WHAT YOU ARE ASKED TO DO: In the listing below, find the line holding "The samurai tattoo" and the line holding "Bauchpiercing Edelstahl Zirkonia". Write out those two lines and all lines between, exactly, and nothing more.

EXTRACTED RECORDS:
###

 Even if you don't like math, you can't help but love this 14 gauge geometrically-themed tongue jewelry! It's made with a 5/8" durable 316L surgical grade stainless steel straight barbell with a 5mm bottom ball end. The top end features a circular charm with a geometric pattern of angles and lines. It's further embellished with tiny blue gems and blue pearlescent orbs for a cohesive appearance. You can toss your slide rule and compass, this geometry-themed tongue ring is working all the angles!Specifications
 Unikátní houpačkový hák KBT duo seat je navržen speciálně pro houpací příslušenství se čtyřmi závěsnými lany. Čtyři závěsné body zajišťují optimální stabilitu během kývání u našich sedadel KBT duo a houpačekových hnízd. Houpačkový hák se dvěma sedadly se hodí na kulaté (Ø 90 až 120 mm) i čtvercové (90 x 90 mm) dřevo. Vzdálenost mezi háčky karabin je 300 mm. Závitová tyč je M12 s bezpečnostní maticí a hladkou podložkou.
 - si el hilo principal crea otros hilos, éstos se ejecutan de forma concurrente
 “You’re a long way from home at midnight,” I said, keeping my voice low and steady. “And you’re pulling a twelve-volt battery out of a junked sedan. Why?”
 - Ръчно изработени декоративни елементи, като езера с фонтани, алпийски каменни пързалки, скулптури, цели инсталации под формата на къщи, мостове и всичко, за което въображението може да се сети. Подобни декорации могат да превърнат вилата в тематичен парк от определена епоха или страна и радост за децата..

###

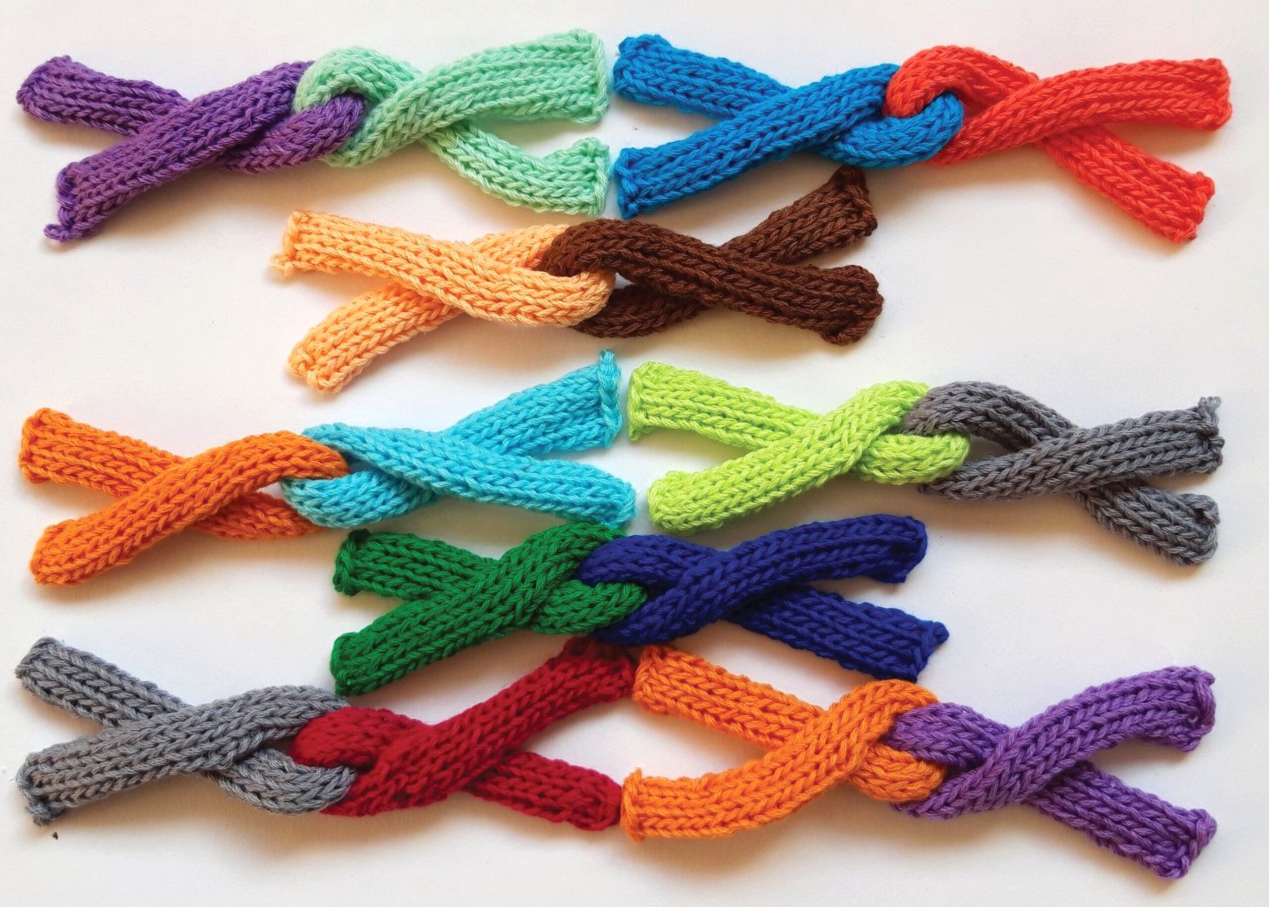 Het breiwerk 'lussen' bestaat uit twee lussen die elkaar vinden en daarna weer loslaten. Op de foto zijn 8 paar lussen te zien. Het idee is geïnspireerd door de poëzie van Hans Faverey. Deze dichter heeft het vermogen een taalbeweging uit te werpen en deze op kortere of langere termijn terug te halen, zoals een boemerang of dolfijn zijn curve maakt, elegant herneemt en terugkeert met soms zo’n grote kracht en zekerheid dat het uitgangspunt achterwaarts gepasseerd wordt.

###

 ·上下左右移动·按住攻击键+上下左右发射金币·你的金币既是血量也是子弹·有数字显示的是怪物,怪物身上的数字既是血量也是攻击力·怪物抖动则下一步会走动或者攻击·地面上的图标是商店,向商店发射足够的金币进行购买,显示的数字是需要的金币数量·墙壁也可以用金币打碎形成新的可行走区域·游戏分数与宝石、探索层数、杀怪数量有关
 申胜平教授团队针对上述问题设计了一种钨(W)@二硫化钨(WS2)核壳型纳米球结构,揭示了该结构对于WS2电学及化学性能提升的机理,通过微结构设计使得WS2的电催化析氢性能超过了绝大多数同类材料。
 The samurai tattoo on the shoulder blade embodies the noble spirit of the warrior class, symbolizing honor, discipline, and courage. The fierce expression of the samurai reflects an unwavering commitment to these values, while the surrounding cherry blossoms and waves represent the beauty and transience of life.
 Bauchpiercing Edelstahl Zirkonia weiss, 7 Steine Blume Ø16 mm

###

YOUR SOLUTION:
 The samurai tattoo on the shoulder blade embodies the noble spirit of the warrior class, symbolizing honor, discipline, and courage. The fierce expression of the samurai reflects an unwavering commitment to these values, while the surrounding cherry blossoms and waves represent the beauty and transience of life.
 Bauchpiercing Edelstahl Zirkonia weiss, 7 Steine Blume Ø16 mm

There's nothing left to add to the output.